# Assigned task
Please copy every line from the following entries in which the word "Park" appears.

# Records shown
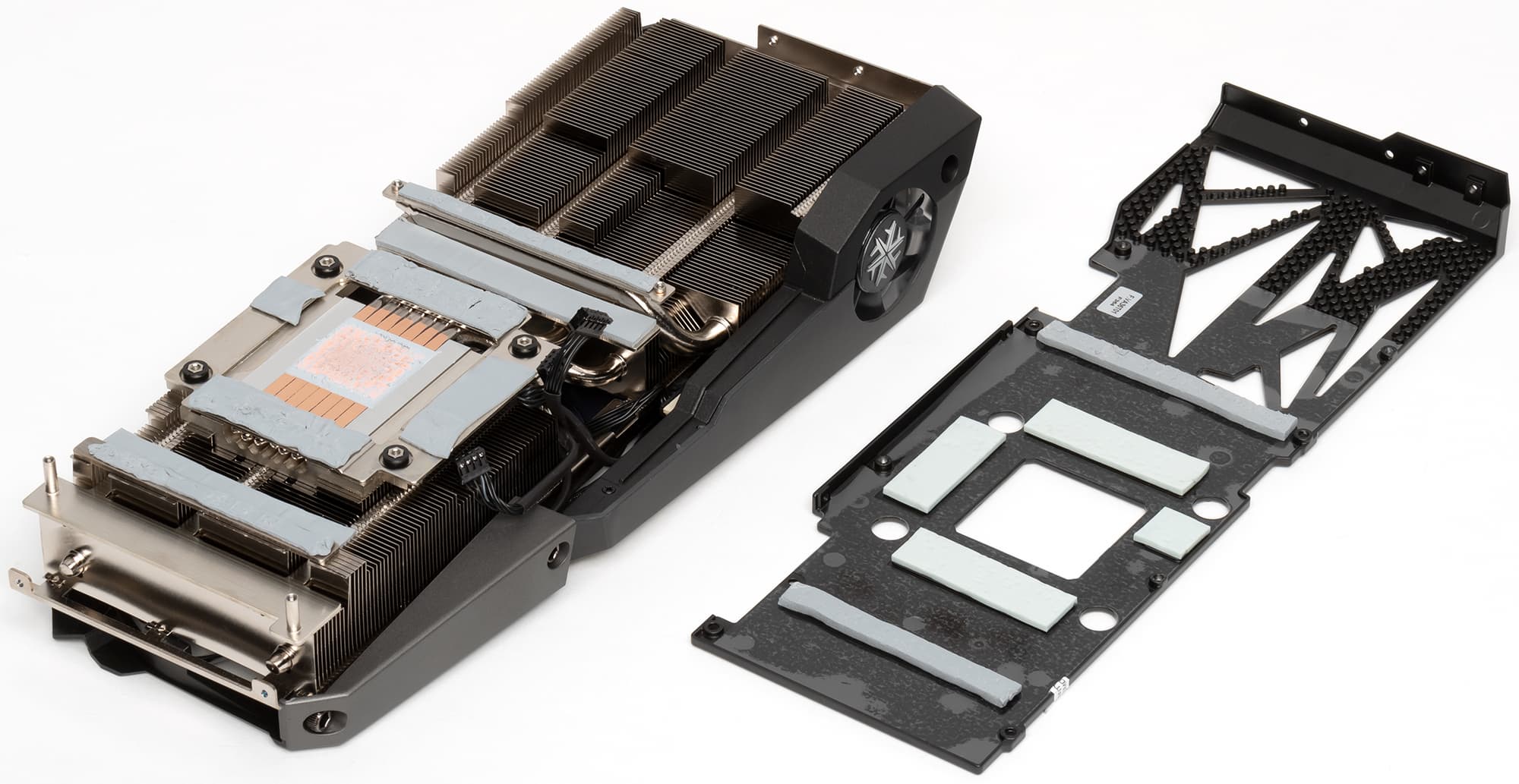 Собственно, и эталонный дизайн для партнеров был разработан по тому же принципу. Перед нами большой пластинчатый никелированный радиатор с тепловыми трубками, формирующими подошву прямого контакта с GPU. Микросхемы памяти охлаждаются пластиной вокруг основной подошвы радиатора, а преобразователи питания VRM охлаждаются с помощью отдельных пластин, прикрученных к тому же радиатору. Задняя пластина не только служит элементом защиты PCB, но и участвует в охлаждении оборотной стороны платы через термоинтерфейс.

--

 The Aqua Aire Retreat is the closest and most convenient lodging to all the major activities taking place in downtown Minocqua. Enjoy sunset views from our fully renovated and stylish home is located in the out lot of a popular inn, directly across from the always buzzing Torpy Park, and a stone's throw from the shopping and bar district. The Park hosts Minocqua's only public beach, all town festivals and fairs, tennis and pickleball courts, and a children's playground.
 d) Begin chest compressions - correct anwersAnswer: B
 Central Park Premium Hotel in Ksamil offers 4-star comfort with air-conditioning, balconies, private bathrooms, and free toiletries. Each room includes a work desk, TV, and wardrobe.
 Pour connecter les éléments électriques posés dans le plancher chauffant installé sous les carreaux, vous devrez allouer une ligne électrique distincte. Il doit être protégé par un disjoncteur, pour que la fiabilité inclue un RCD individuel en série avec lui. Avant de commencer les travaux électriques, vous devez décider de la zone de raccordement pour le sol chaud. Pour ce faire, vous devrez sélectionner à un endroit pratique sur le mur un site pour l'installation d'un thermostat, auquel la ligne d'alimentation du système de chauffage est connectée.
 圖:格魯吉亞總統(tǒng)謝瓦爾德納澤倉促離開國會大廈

...

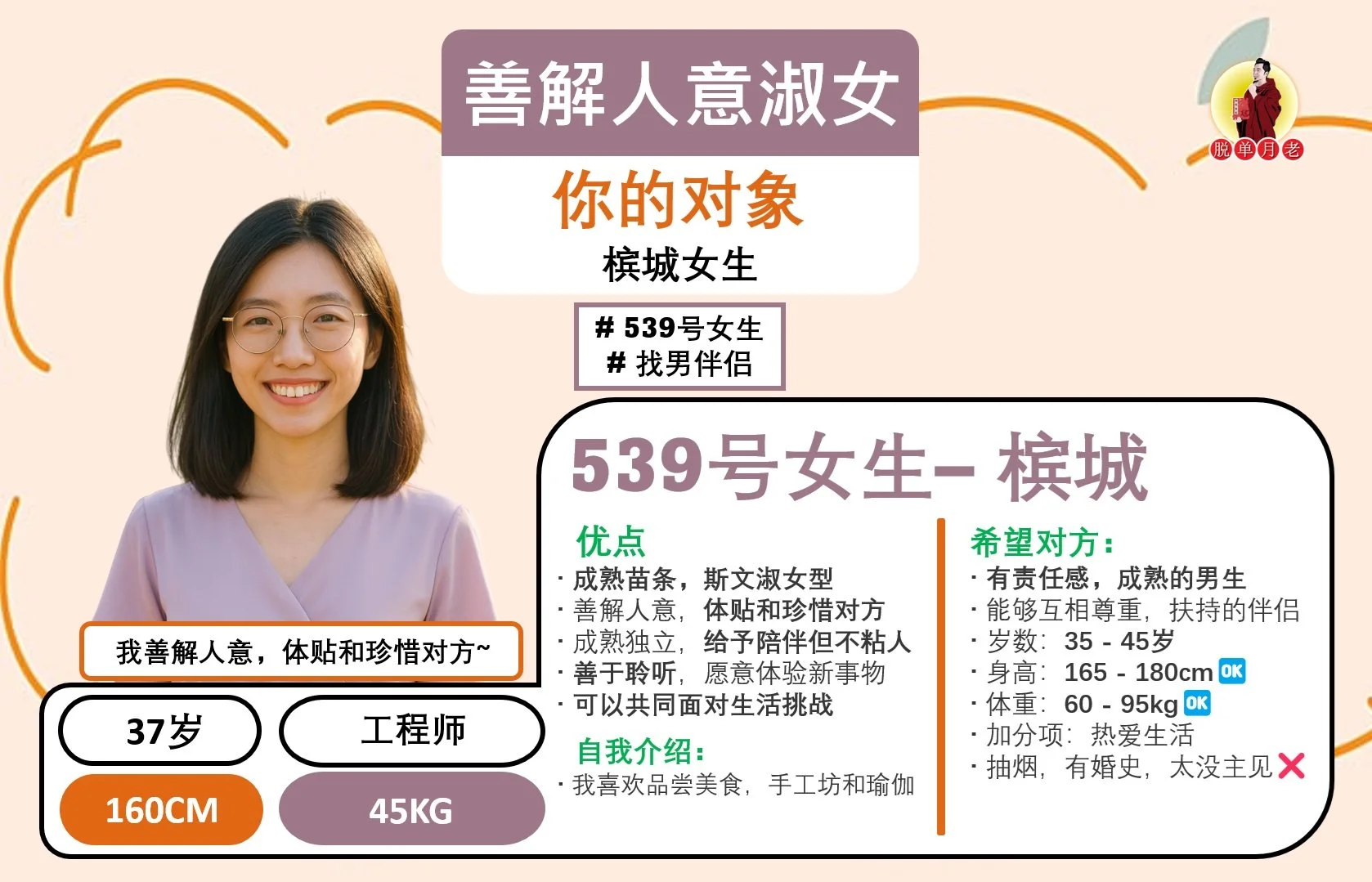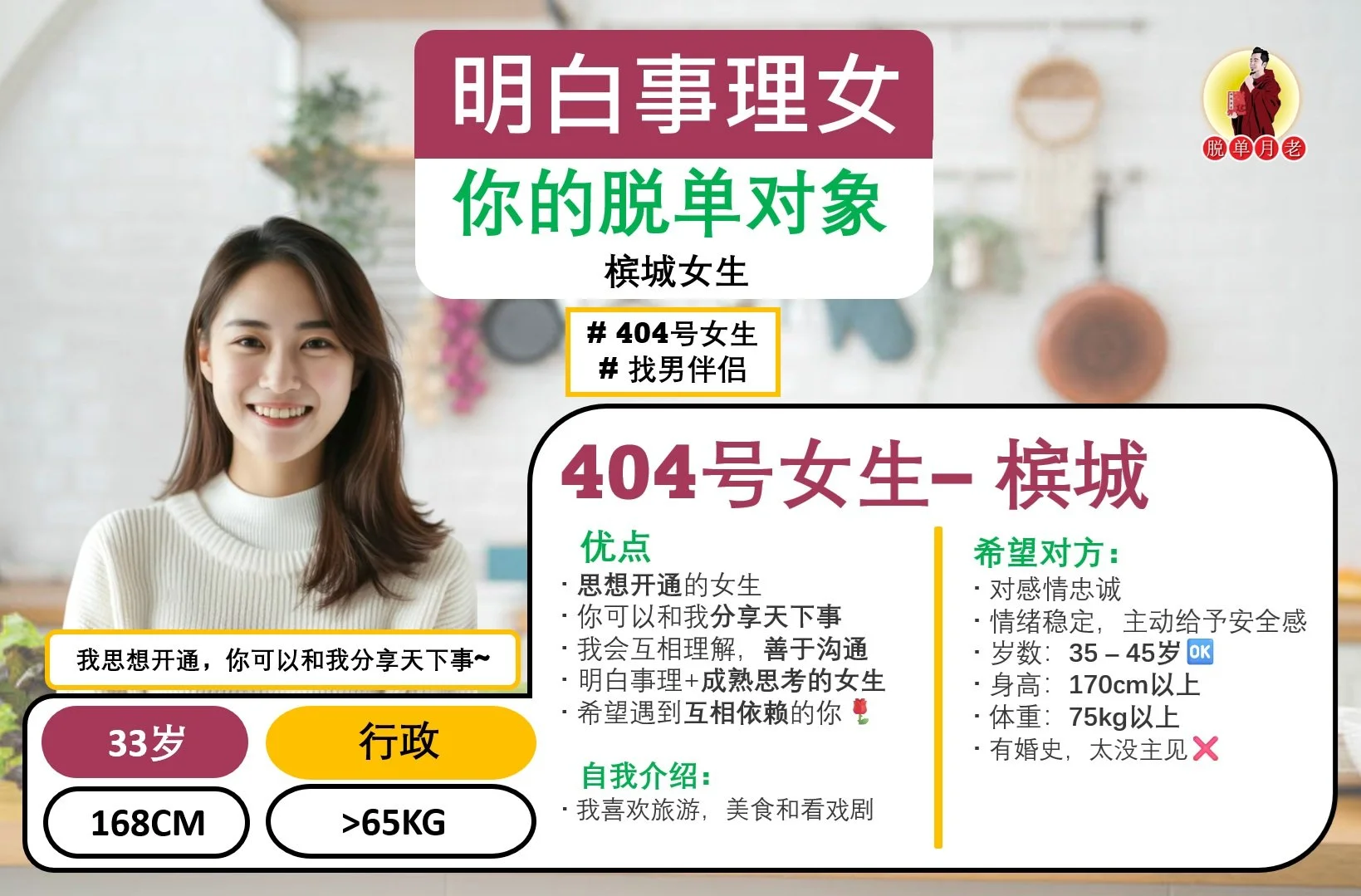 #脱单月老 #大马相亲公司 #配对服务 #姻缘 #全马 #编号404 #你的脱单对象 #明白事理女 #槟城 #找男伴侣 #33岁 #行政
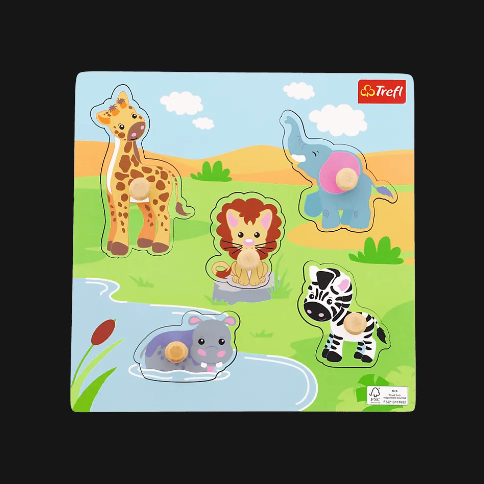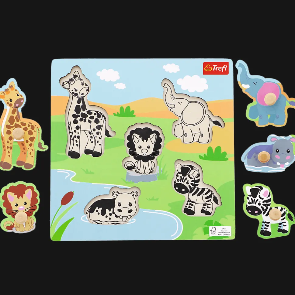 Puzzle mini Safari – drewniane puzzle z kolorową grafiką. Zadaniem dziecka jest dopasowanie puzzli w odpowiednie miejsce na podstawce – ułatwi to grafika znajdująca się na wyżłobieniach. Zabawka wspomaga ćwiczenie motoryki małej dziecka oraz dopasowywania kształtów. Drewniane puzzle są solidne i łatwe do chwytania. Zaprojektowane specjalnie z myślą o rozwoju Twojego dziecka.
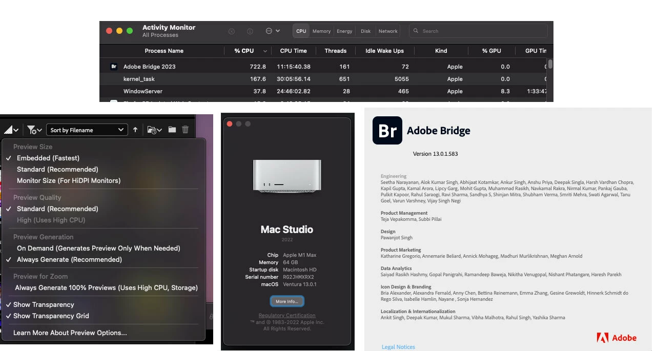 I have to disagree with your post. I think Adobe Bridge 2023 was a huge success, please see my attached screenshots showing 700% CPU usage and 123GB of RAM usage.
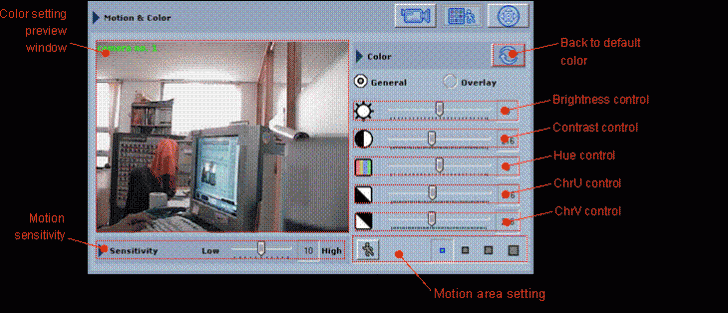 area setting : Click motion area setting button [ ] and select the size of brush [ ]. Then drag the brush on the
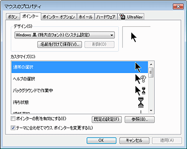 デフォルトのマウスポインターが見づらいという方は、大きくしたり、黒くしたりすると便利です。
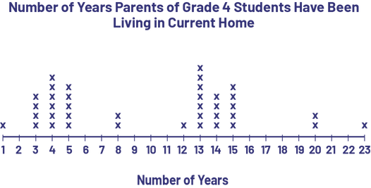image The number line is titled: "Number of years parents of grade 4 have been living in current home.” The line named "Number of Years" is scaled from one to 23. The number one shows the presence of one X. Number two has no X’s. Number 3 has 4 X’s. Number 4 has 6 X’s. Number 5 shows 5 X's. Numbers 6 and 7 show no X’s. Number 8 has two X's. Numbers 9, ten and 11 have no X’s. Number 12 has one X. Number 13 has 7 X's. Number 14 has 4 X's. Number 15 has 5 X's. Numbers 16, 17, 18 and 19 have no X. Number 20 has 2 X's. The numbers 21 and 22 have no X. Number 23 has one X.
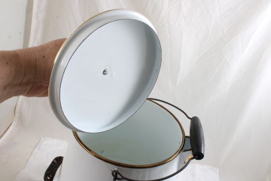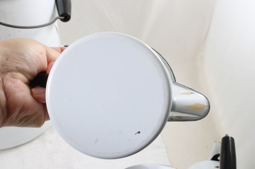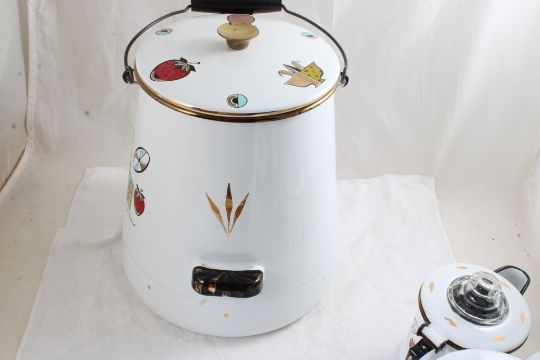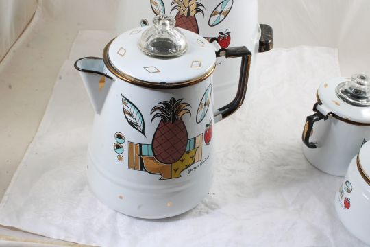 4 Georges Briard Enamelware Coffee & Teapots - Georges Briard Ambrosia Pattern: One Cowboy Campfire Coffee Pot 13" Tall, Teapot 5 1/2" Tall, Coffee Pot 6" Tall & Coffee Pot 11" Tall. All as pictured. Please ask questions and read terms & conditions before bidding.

# Task answer
 The Aqua Aire Retreat is the closest and most convenient lodging to all the major activities taking place in downtown Minocqua. Enjoy sunset views from our fully renovated and stylish home is located in the out lot of a popular inn, directly across from the always buzzing Torpy Park, and a stone's throw from the shopping and bar district. The Park hosts Minocqua's only public beach, all town festivals and fairs, tennis and pickleball courts, and a children's playground.
 Central Park Premium Hotel in Ksamil offers 4-star comfort with air-conditioning, balconies, private bathrooms, and free toiletries. Each room includes a work desk, TV, and wardrobe.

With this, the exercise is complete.